I absolutely hate Sal Fisher for staring a hole into my head, I hate him so fucking much.

But I can't blame him. I know I can't blame him. Even though he was the one who was staring at me, it was my fault for getting distracted by his stupid bright blue eye and bright blue hair and his prosthetic and–

"Are you fucking deaf?! Or are you just choosing to mute me out?!!" He shouts at me, the vein in his neck visible as he grits his teeth.

I open my mouth to respond, which I also instantly regret as he punches me in the face, blood filling my mouth.

I knew I'd get beat more if I accidentally got blood on the floor, so I did the one thing that I'm sadly way too used to doing. I swallow the blood.

He punches me again, in my eye, like he always does. It's like he wants me to just walk around with a black eye that just never goes away.

People are so used to me with a black eye that nobody even asks about it anymore. They don't ask how I got it, they just act like it's a normal thing for me to have. A fucking black eye.

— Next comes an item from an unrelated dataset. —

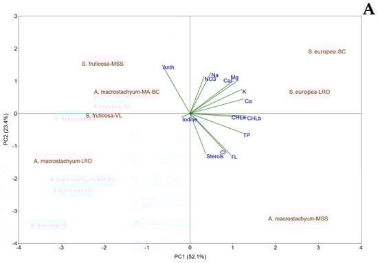 Chlorophyll levels (CHLa, CHLb) in S. europaea and A. macrostachyum-MSS were significantly higher (more than 10 times) than in other collected glassworts (Table 3). Carotenoid concentrations were also elevated in S. europaea, particularly in the commercial farm sample (S. europaea-SC), followed by S. fruticosa-MSS. Total phenol (TP) content in S. europaea and A. macrostachyum-MSS was approximately 4.5 times higher than that in the other samples. Higher variability was detected for flavonoids (FL) with A. macrostachyum-MSS having the greatest amount. FL concentration was halved in S. europaea and decreased to about one-fourth in other A. macrostachyum genotypes, whereas negligible was the level of FL in S. fruticosa-MSS (Table 3). Anthocyanin content fluctuated, with clear differences observed between S. fruticosa-MSS (higher values) and A. macrostachyum-MSS (Table 3). Sterol concentration in A. macrostachyum-MSS was 3.6-fold higher than in A. macrostachyum-MA-BA, S. fruticosa-VL and S. europaea-SC. The glasswort of Laguna del Re Oasis (LRO) had very low sterol levels (Table 3).

Or maybe, maybe they know something is going on but they just act like they don't notice it, thinking that someone else will notice it and mention it. But in reality, no one asks if I'm okay, no one asks if I'm safe.

No one. No one except for Lisa Johnson. She was the only one who asked if I was okay in years. The last time I was asked if I was okay, or if I was safe was when my mom died. 

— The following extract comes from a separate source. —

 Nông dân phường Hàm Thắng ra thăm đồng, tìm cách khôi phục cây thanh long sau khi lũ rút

I'm brought back to reality when he grabs me by the chin, his eyes like two fires, two huge fires that could burn down a whole forest. "Get the fuck out. Don't come back for the night. Find somewhere else to stay, or sleep on the streets, I don't care."

He shoves my head away, storming away leaving me on the floor, blood trickling down my chin.

This is probably the best thing he's ever done. Kicking me out.